Когда через несколько дней Турчанинов пришел снова, рукопись была уже прочитана, и Чернышевский сказал ему:

— Статья хороша, она будет напечатана в «Современнике», и я прошу передать автору, чтобы он побывал у меня.

Можно представить себе, как билось сердце Добролюбова, когда он шел в первый раз к самому Чернышевскому! Но волнение его быстро прошло. Чернышевский оказался очень простым, радушным и выглядел очень молодо — ему с трудом можно было дать его двадцать восемь лет. Он был небольшого роста, худощавый, белокурый, даже чуть рыжеватый, с умными, добрыми голубыми глазами, в золотых очках. По словам современников, в его облике было что-то влекущее и располагающее, в нем чувствовалась особая душевная мягкость и в то же время какая-то нервная сила, которая подчиняла ему.

Он встретил Добролюбова как давнего знакомого, поил его чаем, расспрашивал. Сам говорил мало, но задавал вопросы, стараясь выяснить взгляды и понятия студента, узнать, что он думает о том, о другом, о третьем. Статья о «Собеседнике» так понравилась Чернышевскому, в ней так ярко сказалось выдающееся дарование автора, что он решил привлечь его к работе в журнале. После долгой беседы, убедившись, что не ошибся в выборе, Чернышевский, наконец, сказал:

— Я хотел увидеть, достаточно ли подходят ваши понятия к направлению «Современника»; теперь вижу, что вполне подходят. Я скажу Некрасову, что вы будете постоянным сотрудником журнала.

Добролюбов давно уже понял, почему ему задано так много вопросов. И он рассказал Чернышевскому о своих домашних делах, о смерти родителей, о тяжелом положении сирот. Потом он дошел до института, описал свое положение там, вражду с Давыдовым, упомянул и об обыске, во время которого были найдены и крамольные стихи и запретные заграничные издания.

— Так это были вы, Николай Александрович, вот оно что! — воскликнул Чернышевский, сразу вспомнив рассказ Срезневского. — Тогда ничего не выйдет сейчас из вашей журнальной работы, хотя я и очень нуждаюсь в помощнике. Эту статью мы, конечно, поместим — постараемся утаить ее от Давыдова. Но больше не годится вам ничего печатать в «Современнике», пока не кончите курса. Беда вам будет, если Давыдов узнает, что вы сотрудничаете в нашем журнале…
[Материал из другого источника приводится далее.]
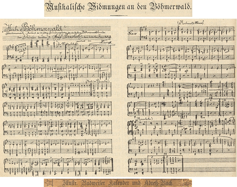 ![]() Slavnostní pochod "Hoch Böhmerwald", věnovaný Josefu Taschekovi u příležitosti 10. výroční založení DBB v notovém záznamu na stránkách "Ilustrovaného Budějovického kalendáře a adresáře na rok 1895" Repro Illustr. Budweiser Kalender und Adreß-Buch 1895, s. 80 |
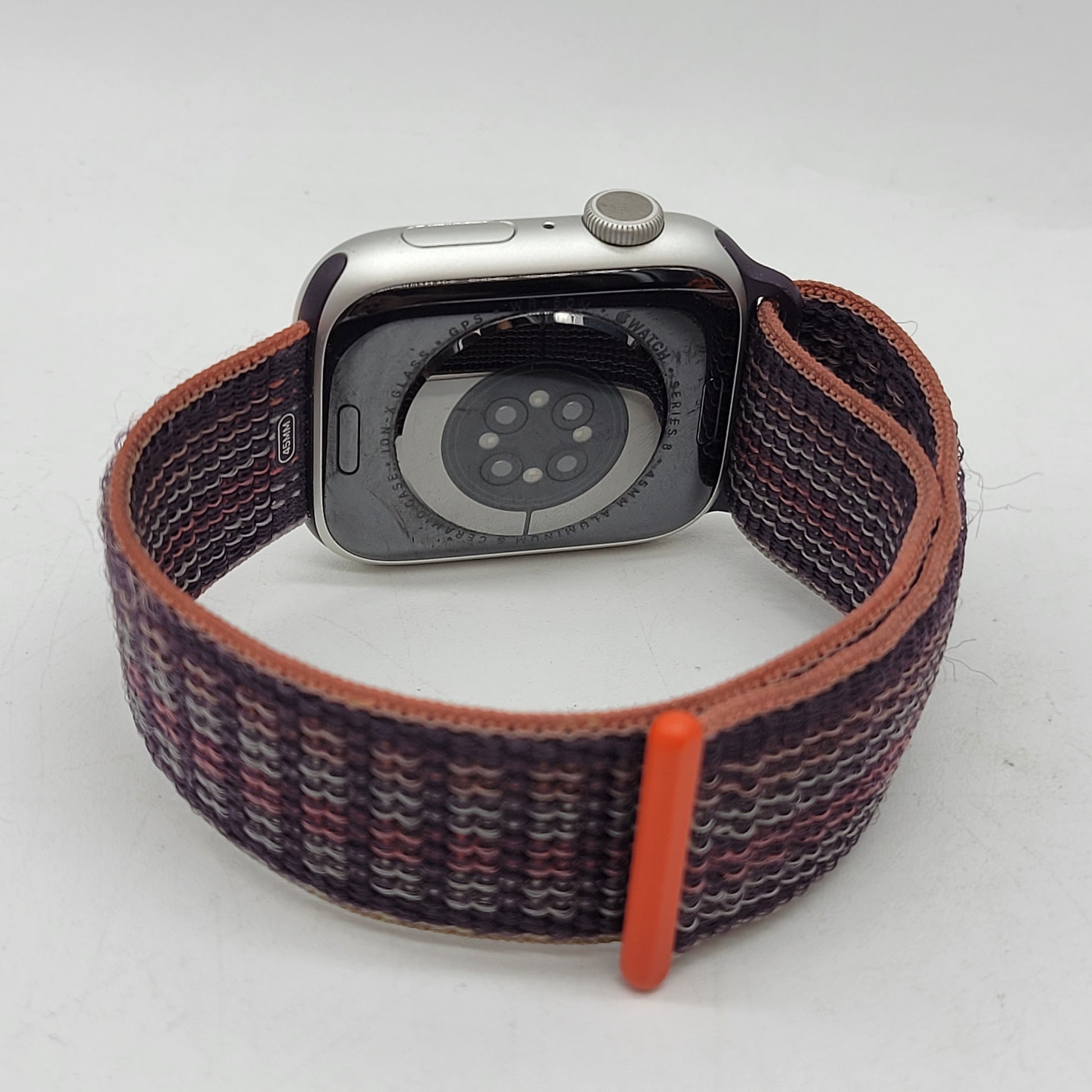 GPS Only Apple Watch Series 8 45MM Silver Aluminum Beige Braided Loop A2771

Чернышевский хорошо знал, что представляет собой директор Педагогического института. Еще совсем недавно академик Давыдов и реакционная профессура хлопотали о том, чтобы ему не было присуждено звание магистра. Вот почему Чернышевский сразу понял, что участие в «Современнике» может погубить студента, и без того уже испортившего свою политическую репутацию в глазах начальства.

Они просидели до глубокой ночи, до третьего часа, и расстались друзьями. Счастливый и взволнованный возвращался Добролюбов тихими ночными улицами к себе на Васильевский. Наверное, он не спал в ту ночь совсем: ведь было ясно, что в его жизни открылась новая страница…

Чернышевский тоже был под впечатлением нового знакомства. Несмотря на молодость Добролюбова. Он понял, какую силу приобретает в его лице «Современник». И он радовался появлению союзника, единомышленника и друга.

Статья Добролюбова, положившая начало его работе в «Современнике», появилась в августовской и сентябрьской книжках журнала (1856 г.). Она была подписана псевдонимом, образованным из последние слогов имени и фамилии автора:…лай…бов. Этой подписи (Н. Лайбов, Н.-бов) вскоре суждено приобрести громкую известность в русской журналистике.

Перейти на страницу:

Похожие книги

Адмирал Советского Союза
Адмирал Советского Союза

Николай Герасимович Кузнецов – адмирал Флота Советского Союза, один из тех, кому мы обязаны победой в Великой Отечественной войне. В 1939 г., по личному указанию Сталина, 34-летний Кузнецов был назначен народным комиссаром ВМФ СССР. Во время войны он входил в Ставку Верховного Главнокомандования, оперативно и энергично руководил флотом. За свои выдающиеся заслуги Н.Г. Кузнецов получил высшее воинское звание на флоте и стал Героем Советского Союза.В своей книге Н.Г. Кузнецов рассказывает о своем боевом пути начиная от Гражданской войны в Испании до окончательного разгрома гитлеровской Германии и поражения милитаристской Японии. Оборона Ханко, Либавы, Таллина, Одессы, Севастополя, Москвы, Ленинграда, Сталинграда, крупнейшие операции флотов на Севере, Балтике и Черном море – все это есть в книге легендарного советского адмирала. Кроме того, он вспоминает о своих встречах с высшими государственными, партийными и военными руководителями СССР, рассказывает о методах и стиле работы И.В. Сталина, Г.К. Жукова и многих других известных деятелей своего времени.Воспоминания впервые выходят в полном виде, ранее они никогда не издавались под одной обложкой.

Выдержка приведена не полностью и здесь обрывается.